Monday, March 21, 2005
Culture Wars
The New York Times ran yesterday with the contrarian view on steroids. This view parallels mine: Steroids are no more or less proper than prozac, anti-ADHD drugs and all other "performance enhancers". Money quote:
Lawyers take the anti-sleep drug Provigil to finish that all-night brief, in hopes of concentrating better. Classical musicians take beta blockers, which banish jitters, before a big recital.Is the student who swallows a Ritalin before taking the SAT unethical if the pill gives her an unfair advantage over other students? If a golfer pops a beta blocker before a tournament, is he eliminating a crucial part of competition - battling nerves and a chance of choking?
What steroids is really an offshoot of is the culture of drugs in America.

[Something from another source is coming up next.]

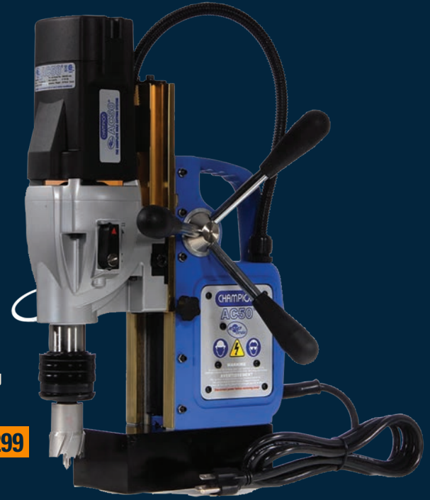
AC50 Mightibrute Mag Drill Cutter Capacity 2-1/8" diameter x 2" depth $1299

We are a society of "better living through chemistry." If it's caffeinated beverages to keep you awake, to sudapheds to give you a boost before kickoff, to lasix so you don't have to wear glasses, to creatine for the weight room, to benedryll to get your kids to sleep on an airplane, to steroids in sports. It's all the same thing - improving your life through chemistry.
If we want steroids out of sports, it's not going to happen until we start to get "enhancement" drugs out of all phases of out lives and only start using drugs for recuperative and healing purposes.
That won't happen anytime soon. Excuse me while I go get my morning caffeine fix.